Something I find comforting, too, is remembering that I can change my working situation. Right now I sometimes freak a little about money—but the thing is, even if I want to stay at home for now, my youngest (assuming he IS my youngest) will be in school in 5 years, and then I can get a mother’s-hours job. If we’re strapped before then, I could get an evenings/weekends job. And if, for example, we had to go into Emergency Mode (like, I had to work full-time, so I had to do overnights because we can’t pay for three kids in daycare) for a few years, it would be at most 5 years before the kids were in school and we could have a normal life again. I can handle most stuff for just 5 years.

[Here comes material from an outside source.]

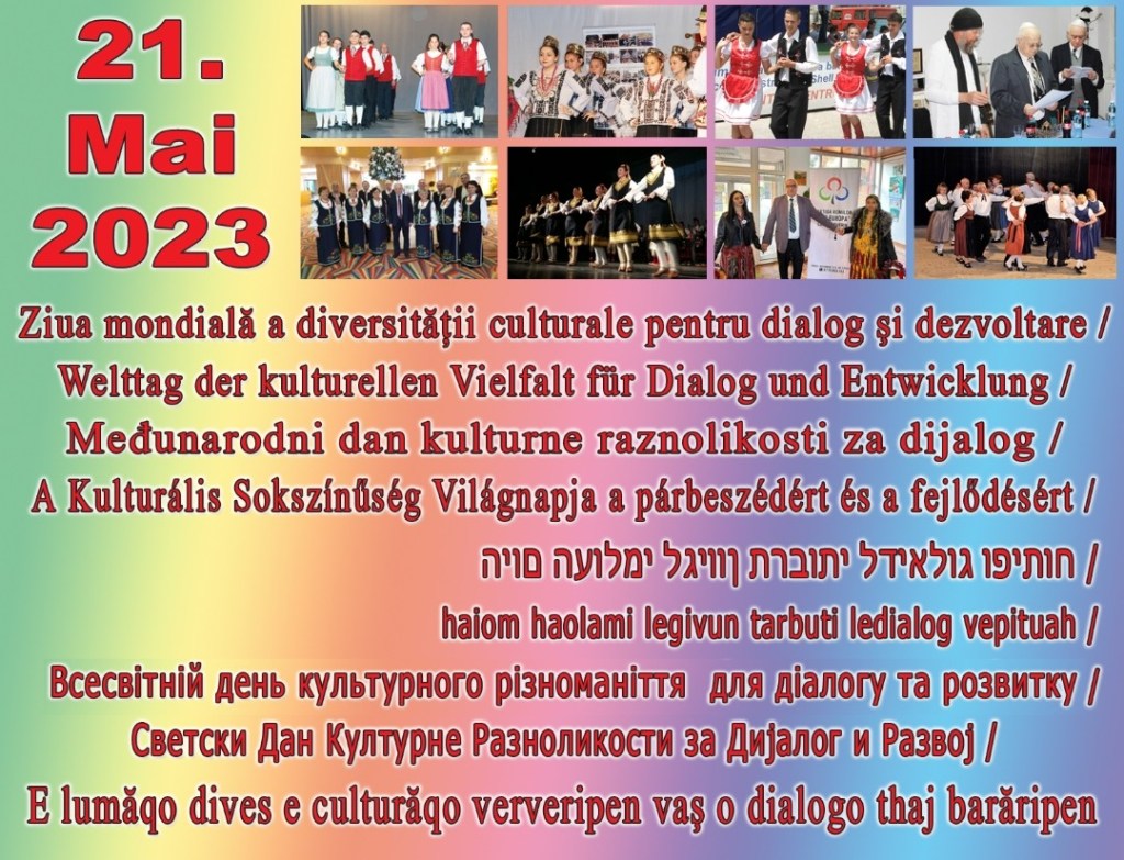 În fiecare an, începând cu 20 decembrie 2002, se sărbătorește în data de 21 mai, la inițiativa ONU, Ziua mondială a diversității culturale pentru dialog și dezvoltare. Etnia germană din Banatul Montan, ca parte integrantă a diversității spațiului în care conviețuiește alături de populația majoritară și celelalte etnii conlocuitoare din sud-vestul țării, reprezentată prin Forumul Democratic al Germanilor din județul Caraș-Severin și prin Asociația Germană de Cultură și Educație a Adulților din Reșița, este conștientă de rolul determinant al fiecărui membru în parte al comunității, indiferent de limba și cultura cărora le aparține, în dezvoltarea acestei diversități culturale, organizând încă din 1990 diferite manifestări care să pună în plan central acest lucru, de fapt o normalitate trăită în Banatul Montan. Începând din urmă cu patru ani, cele două entități germane din Caraș-Severin au organizat anual manifestări culturale dedicate acestei zile. Astfel, în anul 2018 a fost organizată, la Biblioteca Germană „Alexander Tietz” din Reșița, o manifestare comună cu reprezentanții Uniunii Croaților din România, având sediul la Carașova, în anul 2019 cu membrii comunității maghiare din Reșița, prin Uniunea Democrată a Maghiarilor din România, Filiala Reșița, iar în anul 2020, pandemia ne-a oprit în continuarea acestor manifestări culturale cu public, astfel că s-a ales ca marcarea zilei de 21 mai să se efectueze prin apariția unei broșuri. Ziua de 21 mai a fost marcată în parteneriat cu Comunitatea Evreilor din România, membră a Federației Comunităților Evreiești din România, prin publicarea unei broșuri prin intermediul căreia ing. Ivan Schnabel, președintele Comunității Evreilor Reșița, a publicat un articol despre „Istoria Comunității Evreilor din Reșița”. Textul, bogat ilustrat cu fotografii din arhiva comunității evreilor și din arhiva FDG C-S, a fost publicat în traducere în limbile germană (traducător: Raluca Nelepcu), engleză (traducător: Ada D. Cruceanu) și franceză (traducător: Ramona Obersterescu), astfel oferindu-se posibilitatea citirii broșurii și în spațiul internațional. În 2021 s-a continuat editarea unei broșuri, de data aceasta în parteneriat cu Filiala Caraș-Severin a Uniunii Ucrainenilor din România. Astfel, președintele filialei, prof. Ivan Liber, ne-a făcut cunoscută prin intermediul acesteia istoria acestei minorități în Banatul Montan, atât în limba română cât și în limba ucraineană. A urmat aceeași istorie, dar tradusă în limbile germană (traducător: Ramona Obersterescu), engleză (traducător: Ada D. Cruceanu) și franceză (traducător: Ramona Obersterescu). Broșura a fost înfrumusețată vizual cu fotografii din arhiva Filialei Caraș-Severin a Uniunii Ucrainenilor și din cea a Forumului German din județ. Pe lângă editarea acestei broșuri, în data de 21 mai, începând cu ora 17.00, s-a transmis online din mini-studioul amenajat în Biblioteca Germană „Alexander Tietz” din Reșița o întâlnire cu mai mulți reprezentanți ai următoarelor minorități naționale din județul Caraș-Severin, care au vorbit despre activitățile acestora în perioada pandemiei: croată, maghiară, evreiască, ucraineană, sârbă și romă. Anul trecut, 2022, ne-am orientat spre o colaborare în editarea unei broșuri împreună cu Filiala Reșița a Uniunii Sârbilor din România. Astfel, cu sprijinul dlui ing. Dragan Mirovici, a putut fi realizată o broșură dedicată etniei sârbe din acest spațiu, înfrumusețată cu imagini din arhiva uniunii. Textele apărute în broșură au fost redactate în limbile română, sârbă, germană (traducător: Ramona Obersterescu) și engleză (traducător: Ada D. Cruceanu). Anul acesta, 2023, ne-am îndreptat atenția spre etnia rromă din județ, realizându-se o broșură dedicată etniei rrome din acest spațiu, înfrumusețată cu imagini din arhiva organizației reprezentative a acestei etnii în județul Caraș-Severin, Partida Rromilor Pro Europa, Filiala județeană. Textele apărute în broșură au fost redactate în limbile română, rromani, germană (traducător: Ramona Obersterescu) și engleză (traducător: Ada D. Cruceanu). Pentru limba rromani, și-a adus contribuția Catedra de limbă și literatură rromani, județul Caraș-Severin, prin membri ei prof. Anita Mezin (Colegiul Național „Diaconovici – Tietz“ Reșița), prof. Carmen Cîrpaci (Colegiul Național „Diaconovici – Tietz“ Reșița), prof. Adriana Adela Apopi (Școala Gimnazială Constantin Daicoviciu), prof. Nicolae Cîrpaci (Școala Gimnazială Constantin Daicoviciu), prof. Adrian Ionel Constantin (Colegiul Național „Diaconovici – Tietz“ Reșița) și prof. Gheorghe Manda (Colegiul Național „Traian Lalescu“ Reșița). Prof. Gheorghe Manda, președintele Filialei Caraș-Severin a Partidei Rromilor Pro Europa a fost marți, 23 mai oaspetele mini-studioului amenajat în Biblioteca Germană „Alexander Tietz” din Reșița unde, timp de mai bine de o oră s-a discutat despre istoria, tradițiile, învățământ, și perspective ale acestei etnii în sud-vestul țării. A fost o întâlnire de suflet, care poate fi urmărită pe canalele de YouTube și pe Facebook ale Forumului Democratic al Germanilor din județul Caraș-Severin / Demokratisches Forum der Banater Berglanddeutschen. Aducem mulțumiri dl prof. Gheorghe Manda, președintele Filialei Caraș-Severin a Partidei Rromilor Pro Europa pentru colaborarea din acest an, marcând astfel această zi deosebită de 21 mai: Ziua mondială a diversității culturale pentru dialog și dezvoltare.

One of the things I think gets people in trouble is that they set up their financial situation without children in the picture: they buy a house on two incomes, and they buy their cars on two incomes, and they buy furniture they can pay off easily with two incomes. And then the kids are born, and they don’t have two incomes anymore (either they have one income, or they have two incomes minus childcare expenses) and yet the mortgage payment, the car payments, and the credit payments remain the same. Plus, now they have child-related expenses such as clothes, formula, diapers, and equipment. This is the kind of thing that sends people into a permanent financial crisis. When Paul and I bought our house and our cars, we were already on one income, and I think that’s saved us a lot of financial pain. We didn’t do it that way on purpose, so I feel lucky about that.

What do the rest of you think? How do you deal with money worries? Have those worries increased since having children? Did you have to overcome financial worrying in order to have children, and if so, how did you do it?